After months of failed attempts to pass new tax law in which a Republican-majority House couldn’t even get all of the Republicans on board, Congress was finally able to pass the bill in December. But the 500-plus-page Tax Cuts and Jobs Act wasn’t just about taxes -- it also had a number of unrelated items attached that passed too. Up close, the changes in the tax plan seem to look fairly positive, but stepping back, it’s clear there is some negative impact ahead, especially for young people (like preserving graduate student tax breaks), especially once the temporary provisions and tax cuts wear off.
Millennials already struggle to keep health insurance, even with Obamacare, which allows people to be on their parent’s coverage until the age of 26. Yet 16 percent of Americans between the ages of 25 to 34 do not have health insurance. The tax bill’s repealing of the Obamacare mandate, which Republicans wanted to nix because it penalizes people for not getting insured, is estimated to actually lower the number of insured Americans by another 13 million people. This will likely raise health insurance premiums going forward, making it even more of a strain on young people struggling to afford coverage.
“Anyone who voted for it is going to have a tough time looking a hardworking young person in the face and argue that this was a good bill for their future,” Association of Young Americans (AYA) Founder, Ben Brown, 28, told VICE Impact. The AYA is a non-partisan organization designed to have a voice for young people, especially those who struggle, and ultimately to lobby on behalf of the issues they care about.

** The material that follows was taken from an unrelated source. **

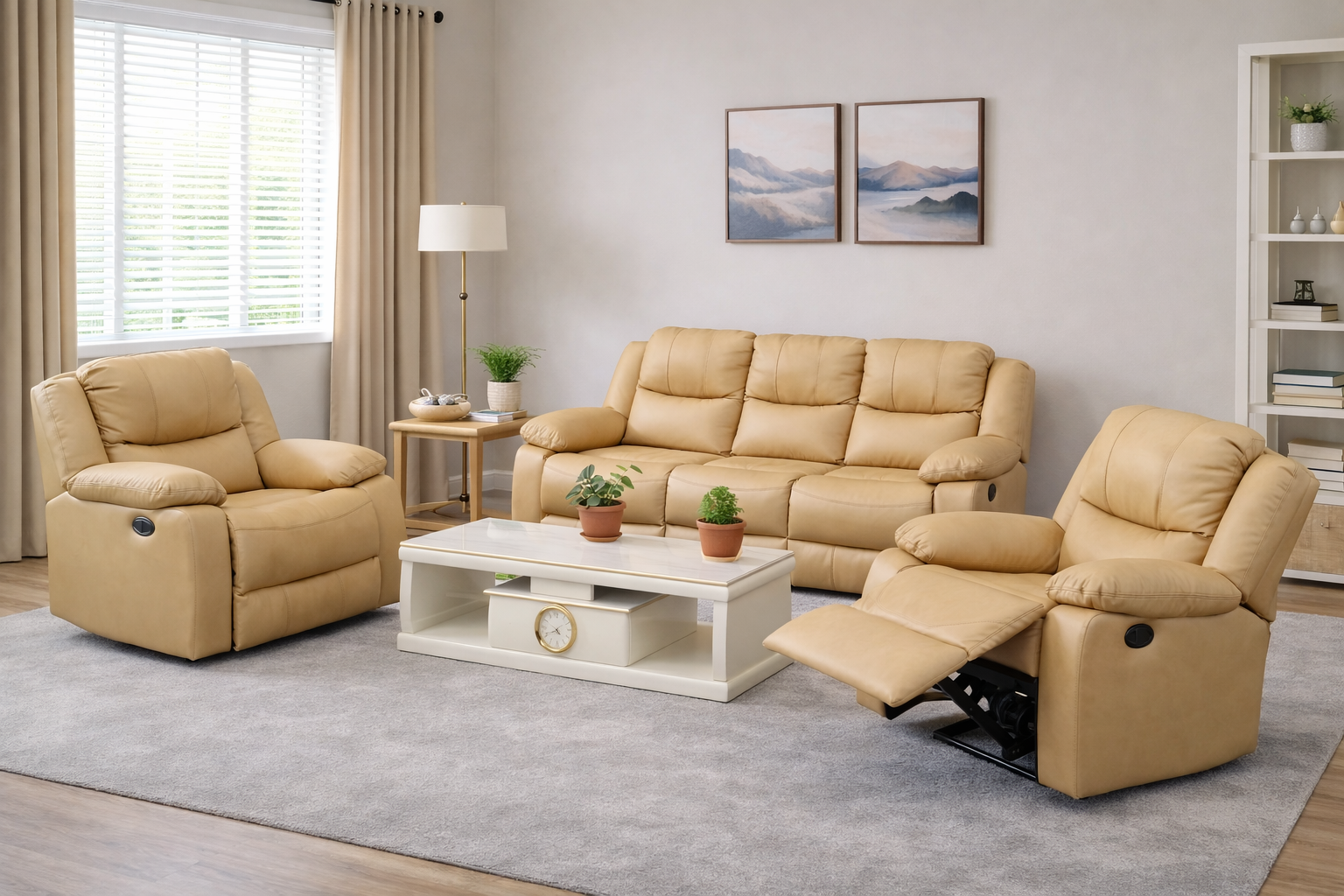 Moreover, the couch features a smooth reclining mechanism that allows each seat to tilt effortlessly. As a result, users can easily adjust the reclining angle to find the most comfortable position. This makes the couch ideal for long meetings, relaxation breaks, or home entertainment.

“Tax reform was a huge opportunity to simplify a complicated and expensive system to help normal families struggling with bills,” said Brown. “Yet, unfortunately, the majority of the benefits of the bill overwhelmingly go to companies and the wealthy.”
“Anyone who voted for it is going to have a tough time looking a hardworking young person in the face and argue that this was a good bill for their future."
According to Brown, young people between the ages of 18 and 36 average about six relocations, moving apartment to apartment which is more than they are likely to have the rest of their lives. Now, thanks to the new tax law, people with work relocation expenses have lost the benefit of filing those deductions at tax time. And, speaking of tax time, the deductions for tax preparation have gone away as well.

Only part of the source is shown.